Well, I haven't ever dabbled in G gauge until this week. I'm an N guy with a little dabble in HO. But my wife saw and picked up a great little Big Haulers Royal Blue set - not the SUPER fancy one with lighted cars and drumhead, but a nice one none-the-less.

Got it all set up and it ran just OK. I spent the next night polishing the rails and all the contact wheels on the loco. Then I ran it and it was beautiful. My kids, wife and I were enjoying watching it literally glide along the steel rails and then it stopped. Then whined. Funny smell - I've had that smell when my HO Thomas Loco burned up the housing. I stopped it, removed it and started pulling screws. Sure enough, the motor housing melted and the pinion on the motor no longer makes contact with the gears.

I'm so livid. I can probably put some sort of shim in there, but have no idea what materials to use. Obviously Bachmann's own plastic can't take the heat.

Or, I send it back to Bachmann with a $55 bill.

Any ideas how to a) shim the motor to stay in place, and b) prevent over heating? This is getting ridiculous, Bachmann!!!


----------



## Randy Stone (Jan 2, 2008)

Ah, Sadly anything short of their Spectrum Series is nothing more than throw away junk. If it was run on 10 foot dia curve track with some straights in the middle and only one maybe two cars, it might have lasted longer. As for preventing the over heating? It has to be run on perfectly level track, wide radius curves and little to no load.

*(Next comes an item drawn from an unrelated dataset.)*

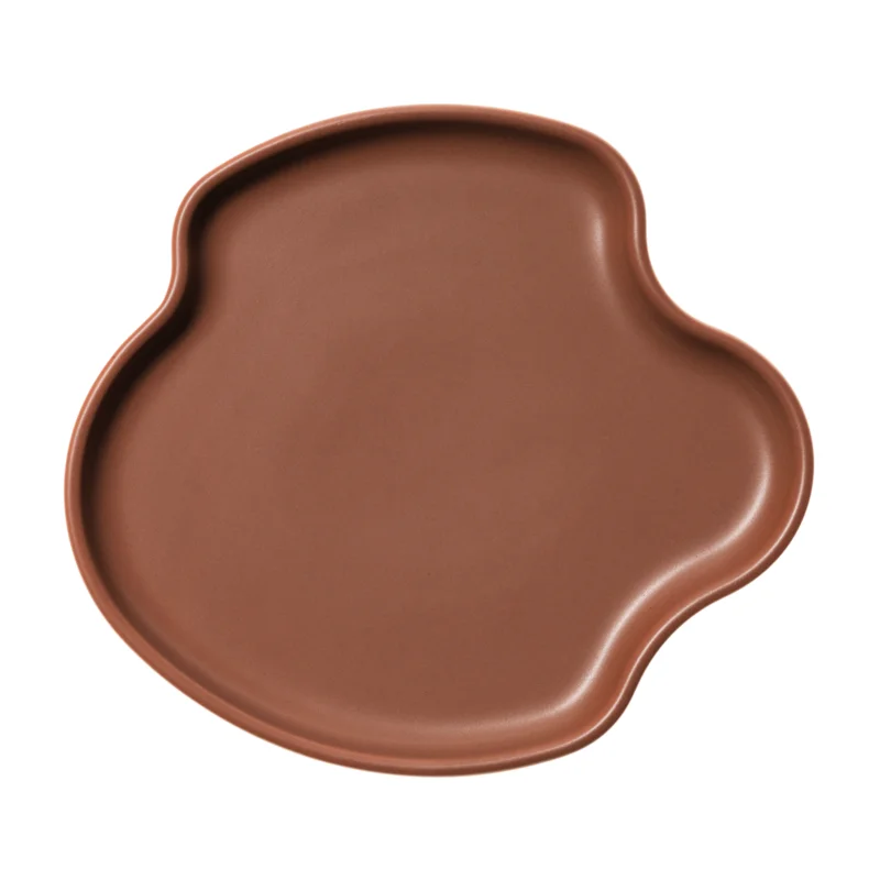 Keramični pladenj Aalto velikosti 15 cm s toplim terakotno rdečim odtenkom in mat glazuro ujame duh arhitekturne oblike v kompaktnem in vsestranskem kosu. Skrbno ročno izdelan je idealen za razstavljanje majhnih predmetov, strežbo prigrizkov ali dodajanje barve na polico ali mizo. Končna obdelava poudarja čiste, kiparske linije, kar pladnju daje otipljiv in oblikovalski videz. Je varen za živila in vizualno privlačen, zato se lepo poda k drugim velikostim v kolekciji in ustvari celovit, večplasten videz.

Even then I wouldn't bet that it would last through Christmas.


----------



## Dick413 (Jan 7, 2008)

Ventureforth 
sense you have got it apart i think i would get a hold of bachmann and get a motor with a metal end some of the other locos have them you may have to change the gear, 

Dick


----------



## vsmith (Jan 2, 2008)

Go to Bachmanns website, they were selling replacement chassis for the Big hauler, not the motor but the WHOLE chassis wheels updated motor and gears and improved pilot, for $50, they were also selling the basic Big Hauler chassis for $30. these were on sale but if your Royal Blue is an older version its very much worth getting the upgrade version, all you have to do is attach a coupple wires and screws and its good to go, and if any issues come up ask away here. I would ask of the Bmann forum which chassis fits your Big Hauler, they did change slightly over the many years they've been produced, so there are small differences.


----------



## chuck n (Jan 2, 2008)

I think he has a Little big hauler, not a big hauler. Chuck


----------



## Dan Pierce (Jan 2, 2008)

I had the 4-6-0 big hauler and used a ty-wrap to replace the melted strap on the end of the motor. Worked well for years.


----------



## VentureForth (Dec 10, 2013)

Posted By chuck n on 10 Dec 2013 05:39 PM 
I think he has a Little big hauler, not a big hauler. Chuck 
Well, I'm pretty sure that I have the standard Big Hauler - an early(er?) 98% plastic one. Posted By vsmith on 10 Dec 2013 05:23 PM 
Go to Bachmanns website, they were selling replacement chassis for the Big hauler, not the motor but the WHOLE chassis wheels updated motor and gears and improved pilot, for $50, they were also selling the basic Big Hauler chassis for $30. these were on sale but if your Royal Blue is an older version its very much worth getting the upgrade version, all you have to do is attach a coupple wires and screws and its good to go, and if any issues come up ask away here. I would ask of the Bmann forum which chassis fits your Big Hauler, they did change slightly over the many years they've been produced, so there are small differences. 
I went there and now I'm intrigued! There are some that look almost exactly like the chassis that I have for only $35. Then there are some fancy ones with a lot more metal in them that are only $50. It looks like the screw pattern is the same, but I can't be for sure. The cow catcher also looks a bit different. Can the $50 ones drop in place of the $35 ones? As long as fit and function are compatible, I'm not so worried about the form. There were none in Blue - but Black is universal! Posted By Dan Pierce on 11 Dec 2013 04:07 AM 
I had the 4-6-0 big hauler and used a ty-wrap to replace the melted strap on the end of the motor. Worked well for years. 
Well, I was able to find a small phenolic spacer and fit it into place with a small piece of tape. It seems to be working for now - at least until I can score a replacement chassis! Thanks to all y'all for your help! 
OK - UPDATE. I just got off the phone with Bachmann. They don't have any more of the cheap blue chassis for the B&O Royal Blue. However, they do offer the exact same chassis in Black for $30 (P/N 90031). I looked at part numbers 90059 ($50) and 81088 ($50). Both seem to have a lot more wires to them - though the 90059 seemed to just be a bundle within the chassis with only two leads. The 81088 had a bundle of wire with an additional switch. That confused me. According to the rep on the phone, I should be able to use any of the 900 series chassis with my frame. However, the 810 series is for the Anniversary Big Haulers. 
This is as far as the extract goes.